I could tell you how many steps make up the streets rising like stairways, and of the degree of the arcades' curves, and what kind of zinc scales cover the roofs; but I already know this would be the same as telling you nothing. The city does not consist of this, but of relationships between the measurements of its space and the events of its past...A description of Zaira as it is today should contain all Zaira's past. -Italo Calvino, Invisible Cities

Tuesday, July 19, 2005

Recreating Babel

While my own anthropology training actually did not include much linguistics, I have always been fascinated with the subject. And, in the last two days I have seen two articles that sparked my thinking. The first article was on the Oneida Nation of New York, whose language was dying with the elders. The tribe worked with Berlitz to develop an intense curriculum, then paid several members to learn the language. Those first students then became the instructors for others, and they are working to teach the language in the schools (and, just as important, have the kids care about learning it).

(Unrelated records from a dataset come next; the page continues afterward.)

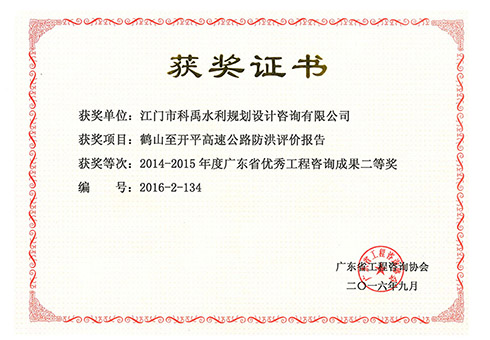 鹤山至开平高速公路防洪评价报告获省优秀工程咨询成果二等奖
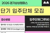 뉴스온경기 | 경기문화재단 경기상상캠퍼스는 문화예술 기반 실험적이고 창의적인 2026 단기 입주단체를 오는 12월16일까지 모집한다. 2026 단기 입주 모집은 다양한 분야의 문화기획자, 예술가, 청년 활동가, 창업·창직 단체 등이 약 5개월간 경기상상캠퍼스에 입주해 새로운 실험과 협업을 펼칠 수 있는 경험 제공을 위해 마련된 프로그램이다. 경기상상캠퍼스는 이번 모집을 통해 공실을 최소화하는 동시에, 공간 특성에 적합한 역량 있는 단체들을 선제적으로 발굴하여 문화 기반 창업·창직 및 청년 활동의 실험실 역할을 강화할 계획이다. 또한 단기 입주 경험을 제공함으로써 정기 입주로 이어질 수 있는 사전 역량 검증과 활동 기반 마련의 기회를 확장하고, 입주단체 간 교류·협업으로 캠퍼스 전반의 활성화를 도모 할 계획이다. 모집 공간은 생활1980, 청년1981, 디자인1978, 공작1967 등 4개 동이며, 총 15개 단체를 선발한다. 각 공간의 기능에 맞춰 공방, 문화기획·교육, 다장르·융복합, 디자인, 제작 기반 창작 활동 등 다양한 분야의 역량 있는 단체를 모집한다. 입주 기간은 2026년 3월 1일부터 7월 26일까지 약 5개
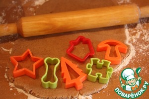Раскатать в пласт толщиной 2-3 мм, вырезать формочками печенье.
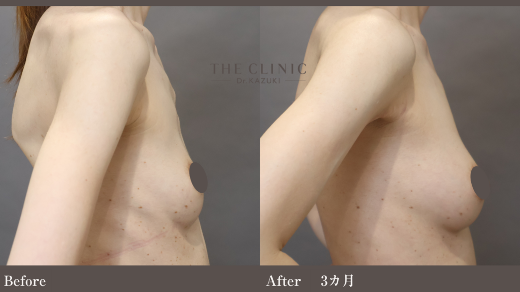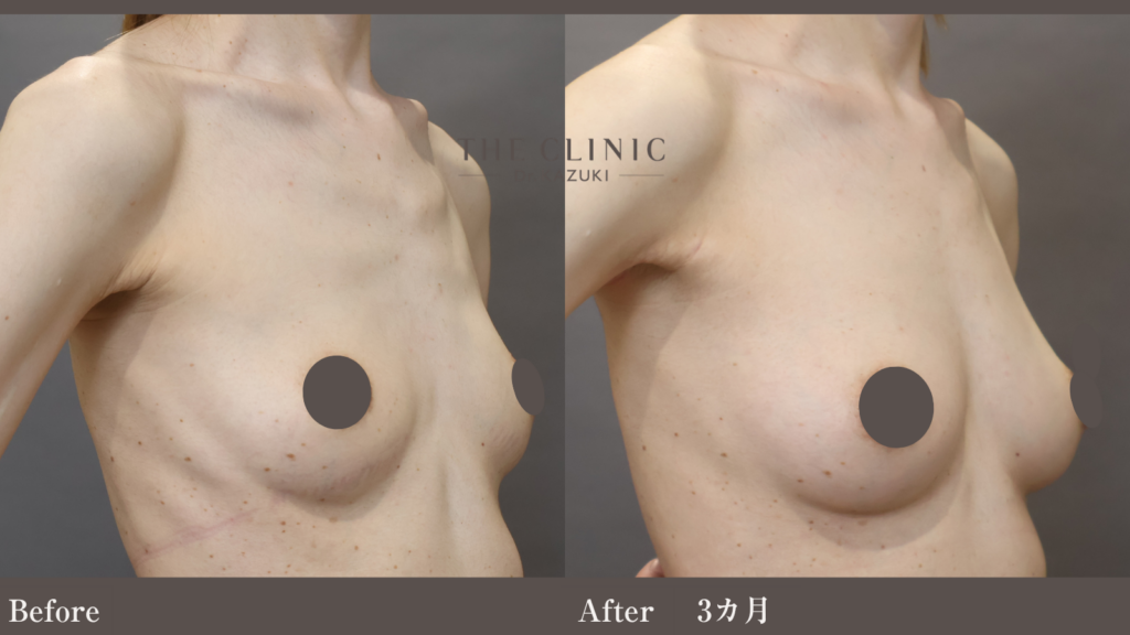 術後の定着を最大限高めるため、3カ月間はバストを強く寄せるブラジャーや、ワイヤーによる圧迫は避けてください。 また、急激な体重減少も定着に影響するため、安定するまでは健やかな食生活を心がけることが大切です。
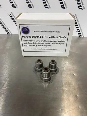 Low profile Top Hat valvestem seal to suit Ford DOHC 6 cyl engines. Suit high lift cams - 6mm valvestem. Set of 24. NOTE: Valve guides must be trimmed down 2.00mm to suit.

The second article was about Ethnologue, which is an amazing resource on the world's languages. According to the latest edition, there are 6,912 living languages in the world--an increase over the 6,809 in the 2000 edition. An interesting contrast to the reported death of languages. Of course, Ethnologue is not so concerned with how many native speakers there are, and the lines between what is a dialect and what is a language is always a fuzzy one...And Ethnologue, having missionary origins, counts a language if it is distinct enough to need its own Bible translation. The article does point out the contradiction between a resource recording and presumably preserving languages, which is based in missionary work that does in its own way destroy cultures.